Penalties for Non-Compliance

Non-compliance with the CERT-In Directions can attract penalties under Section 70B of the Information Technology Act, 2000, which empowers CERT-In to issue directives and take action against non-compliant entities. CERT-In may issue formal directives to affected entities requiring specific remedial actions, and continued non-compliance can result in fines and imprisonment of up to one year for responsible officers. For data breaches specifically, the DPDP Act penalties of up to 250 crore rupees represent the most significant financial exposure. The combination of CERT-In's operational enforcement powers and the DPDP Act's financial penalties creates a dual compliance framework that organisations must navigate carefully. Law enforcement agencies, including state cyber crime cells and the National Cyber Crime Reporting Portal, may also initiate separate investigations into the underlying criminal offences associated with the breach, such as hacking, data theft, and identity fraud under the Bharatiya Nyaya Sanhita and the Information Technology Act.
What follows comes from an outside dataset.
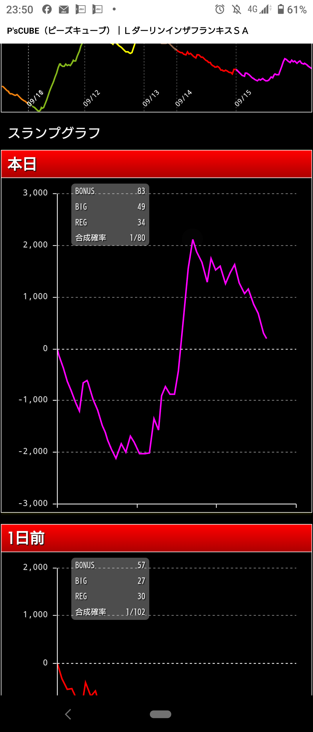 リセ確70G捨てがあったからスマホ見ながらスライド打ちして、40Gくらい回したら非高確集中のハズレから高確入って逆押しが揃ってCZ入ったら青スタートの緑当選でBB
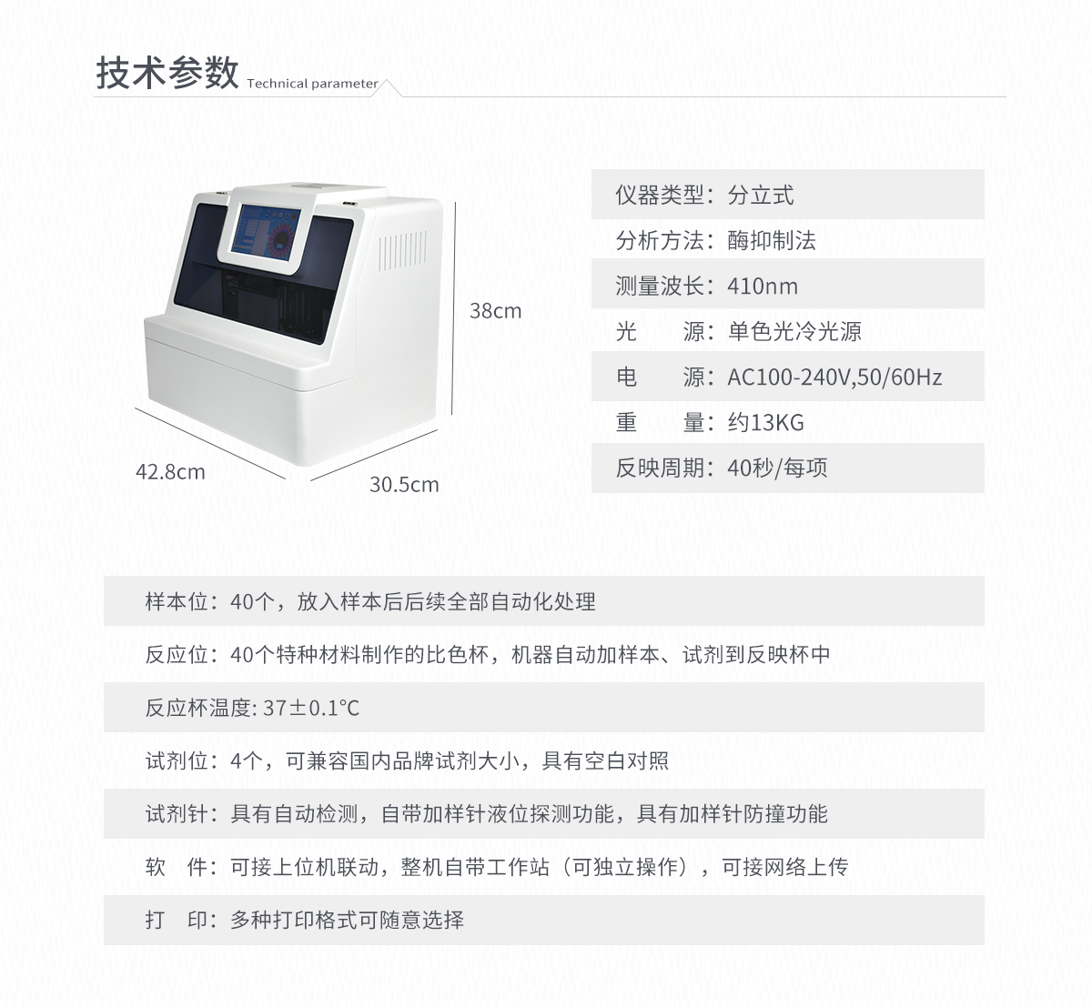 | 波長(zhǎng)配置:   410 | 試 劑 針:   3根 | 檢測(cè)通道:   20個(gè) | 反應(yīng)溫度:   37℃,儀器具有自動(dòng)加溫溫控系統(tǒng) | 觸 摸 屏:   7寸觸摸屏,可單機(jī)操作 | 比 色 皿:   容量 0 - 4.5ml | 試 劑 盒:   配套試劑存放盒,可整體取出 | 清洗功能:   可自動(dòng)清洗試劑管路,避免試劑污染 | 加樣功能:   儀器按照試劑要求自動(dòng)、按時(shí)、按量加入試劑,提高工作效率 | 自動(dòng)混勻:   儀器測(cè)試過程中自動(dòng)震蕩混勻保證試劑充分反應(yīng) | 實(shí)時(shí)監(jiān)控:   儀器測(cè)試過程中顯示實(shí)時(shí)運(yùn)行狀態(tài) | 打印功能:   內(nèi)置熱敏打印機(jī),可快速打印檢測(cè)結(jié)果,方便數(shù)據(jù)留存 | 數(shù)據(jù)存儲(chǔ):   大容量存儲(chǔ)器,能存儲(chǔ)12萬條數(shù)據(jù) | 數(shù)據(jù)接口:   外接USB接口,網(wǎng)線接口 | 網(wǎng)絡(luò)連接:   可連接有線網(wǎng)絡(luò)和無線wifi | 上位機(jī)軟件:   儀器配套電腦端上位機(jī)軟件,可通過軟件進(jìn)行寫入?yún)?shù)及讀取數(shù)據(jù) | 樣本檢測(cè):   儀器自動(dòng)對(duì)未正常放置的樣本或異常的樣本進(jìn)行檢查并報(bào)警提示 | 試劑檢測(cè):   儀器測(cè)試前和測(cè)試過程中時(shí)刻對(duì)試劑進(jìn)行檢查,檢查試劑是否缺失,如有異常儀器會(huì)進(jìn)行報(bào)警提示,對(duì)已經(jīng)加入試劑的樣本進(jìn)行正常測(cè)試,不影響測(cè)試結(jié)果,對(duì)未測(cè)試的樣本停止測(cè)試。 | 數(shù)據(jù)上傳:   儀器數(shù)據(jù)可傳入電腦端,按照客戶需求進(jìn)行保存或打印 | 儀器重量:   約7KG | 儀器尺寸:   410mm*290mm*202mm |

Building an Effective Incident Response Framework

Every organisation operating in India should have a documented cyber incident response plan that accounts for both the CERT-In and DPDP Act notification requirements. The plan should designate a nodal officer responsible for CERT-In communications, maintain pre-drafted notification templates that can be quickly populated with incident-specific details, establish an internal escalation protocol that triggers the six-hour clock from the moment any employee or system detects a potential incident, and include a communication plan for notifying affected data principals. Organisations should also ensure that their systems maintain the log retention required by the CERT-In Directions, including synchronising all ICT system clocks to the Network Time Protocol (NTP) server of the National Informatics Centre or the National Physical Laboratory, as mandated by the Directions. Regular tabletop exercises simulating a cyber incident can help identify gaps in the response plan and ensure that the organisation can meet the six-hour reporting deadline under realistic conditions. Given the severity of the penalties and the compressed timelines, investing in incident response preparedness is no longer optional for any organisation with a digital footprint in India.